----- Supplied information -----
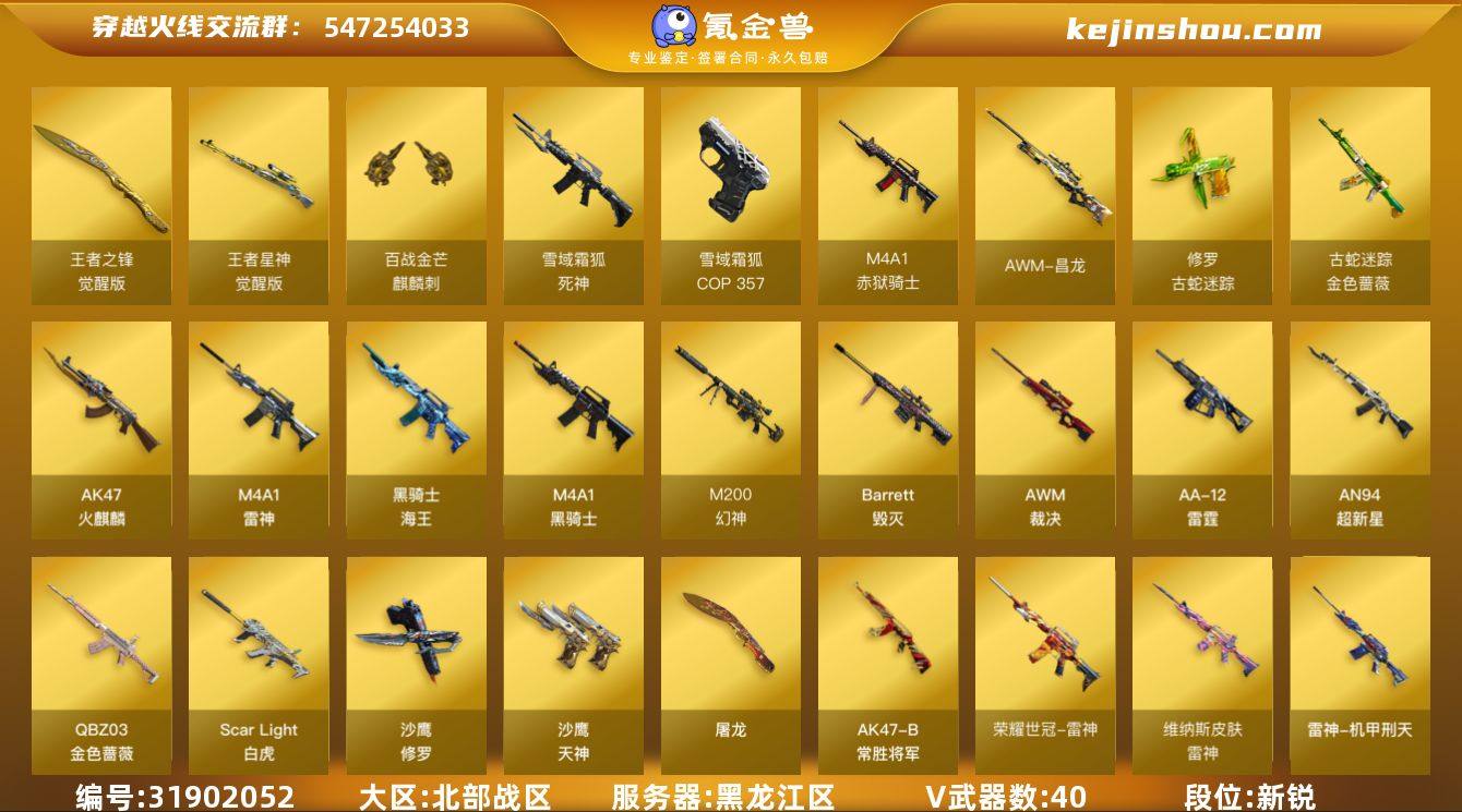 【穿越火线CF-2522】南方大区-135V-19王者-7炫金 【热门武器】:QBZ03-金色蔷薇,HK417-朱雀,M200-幻神,M4A1-黑骑士,汤姆逊-烈龙*4,RPK-盘龙,加特林-炼狱*4,火麒麟-绝迹,USP-雷暴,COP-堕天神,沙鹰-修罗*5 【王者炫金武器】:炫金火麒麟,炫金无影,炫金天龙,炫金天神,炫金黑龙,炫金雷神,炫金武士,王者之幻,王者之势,王者之武,王者之光,王者之怒,王者之力,王者之魄,王者之锋 【音效卡】:Scar Light-白虎-热带奇洋音效卡,AK47-火麒麟音效卡,M4A1-雷神音效卡,Barrett-毁灭音效卡 【稀有皮肤】:雷神-能量核心,雷神-荣耀之魄,火麒麟-冠军之心,黑骑士-暗月*3,毁灭-暗月,毁灭-荣耀之怒,毁灭耀金皮肤,毁灭-冠军之怒,天龙-秘银,天龙-能量核心,无影耀金皮肤,天神-暗月*2 【角色】:王者-瞳-闭月羞花,王者-葵-貂蝉,王者-零,雅典娜,零-水下丽影,零,葵,炫,春,战地猎狐,蜀雪,铁骑荣耀,青霞仙子 【人偶武器】:火麒麟-绝迹,COP-旗袍,夺魂,迷你牛牛,生化手雷-机甲核心,闪光弹-貂蝉,高爆手雷-大乔 【挑战大师】:神圣爆裂者III,神圣爆裂者-末日III,阐释者III,冰龙粉碎者-白马银枪 【英雄级武器】:马来剑-夜魔,COP-堕天神,AK47-雷暴,USP-雷暴,斩神刀-雷暴,M4A1-雷霆,M4A1-武圣,QBZ03-金色蔷薇,HK417-朱雀,M4A1-雷神*3,M4A1-黑龙,M4A1-黑骑士,M4A1-死神,RPK-盘龙,加特林-炼狱*4,汤姆逊-烈龙*4,AK47-无影*3,AK47-火麒麟*3,AK47-黑武士,AK12-天启*2,AN94-超新星*3,AWM-天龙*3,Barrett-毁灭*5,Barrett-极光*2,M4A1-龙血*3,AK47-机械迷城*2,AA-12-雷霆,M200-幻神,AK47-黑鲨,M4A1-千变,黑武士-锦绣游龙,超新星-热带奇洋,AK47-B-常胜将军,沙鹰-天神*5,沙鹰-修罗*5,麒麟刺*3,擎天*3,龙啸*3,屠龙*6,龙啸-热带奇洋 【特殊枪械】:1黑骑士...
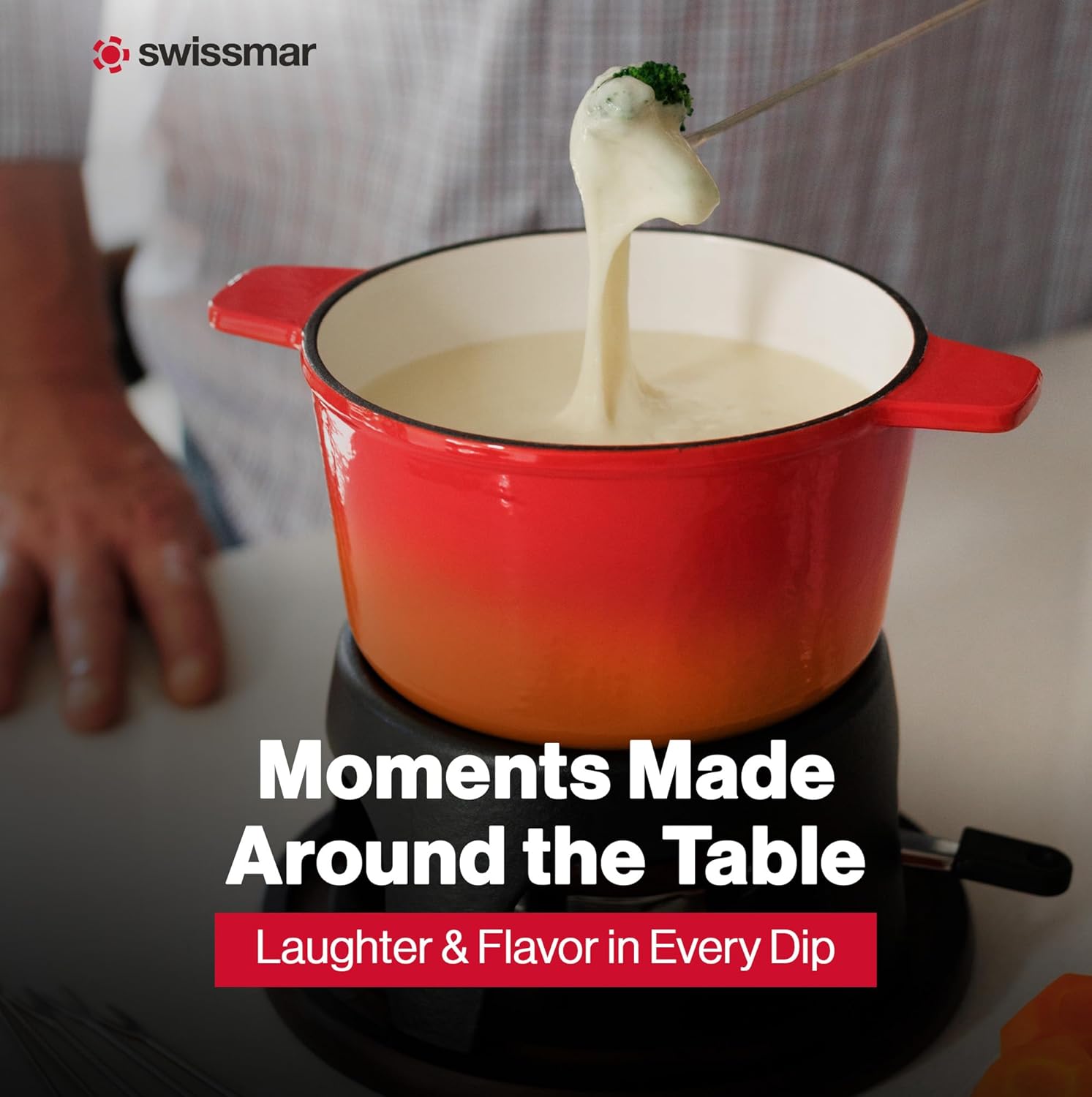 Swissmar Sierra Cast Iron Fondue Set, 1.6 Quart / 1.6 Liter – Perfect for Meat, Cheese, & Chocolate Fondues – Ideal for Family Bonding & Hosting Gifts - 12-Pieces, Gradient Orange
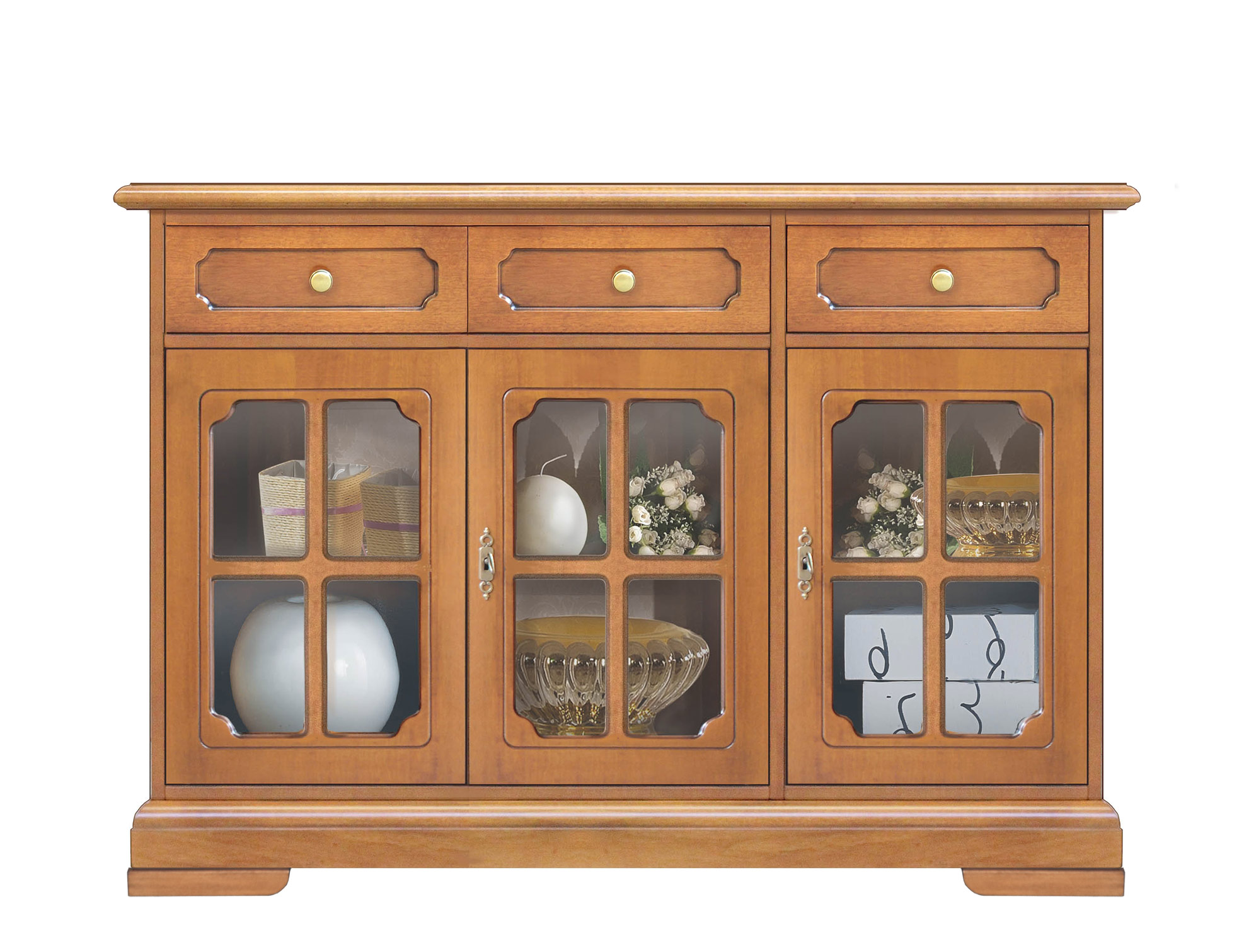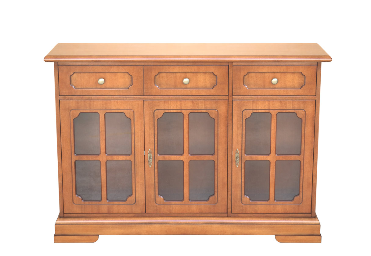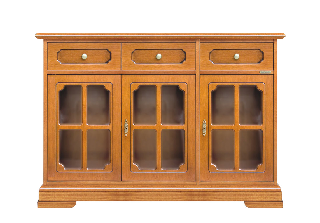 Una credenza di forma classica che presenta tre antine caratterizzate da una lavorazione pantografata su corpo unico a ricavare una elegante griglia a protezione del vetro che caratterizza il corpo dell'anta.
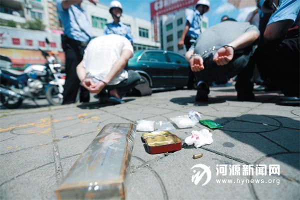在平安创建工作中,公安机关抓捕现场。
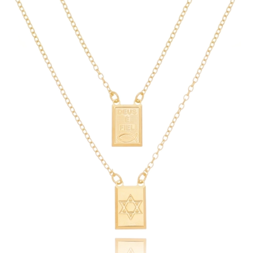 Escapulario Banhado a Ouro 18k Estrela de Davi e Deus é Fiel
-----
**Task to complete**
Omit all pictures, and repeat exactly the lines from the line containing "Swissmar Sierra Cast" through the end of the data.

**Response to this task**
 Swissmar Sierra Cast Iron Fondue Set, 1.6 Quart / 1.6 Liter – Perfect for Meat, Cheese, & Chocolate Fondues – Ideal for Family Bonding & Hosting Gifts - 12-Pieces, Gradient Orange
 Una credenza di forma classica che presenta tre antine caratterizzate da una lavorazione pantografata su corpo unico a ricavare una elegante griglia a protezione del vetro che caratterizza il corpo dell'anta.
在平安创建工作中,公安机关抓捕现场。
 Escapulario Banhado a Ouro 18k Estrela de Davi e Deus é Fiel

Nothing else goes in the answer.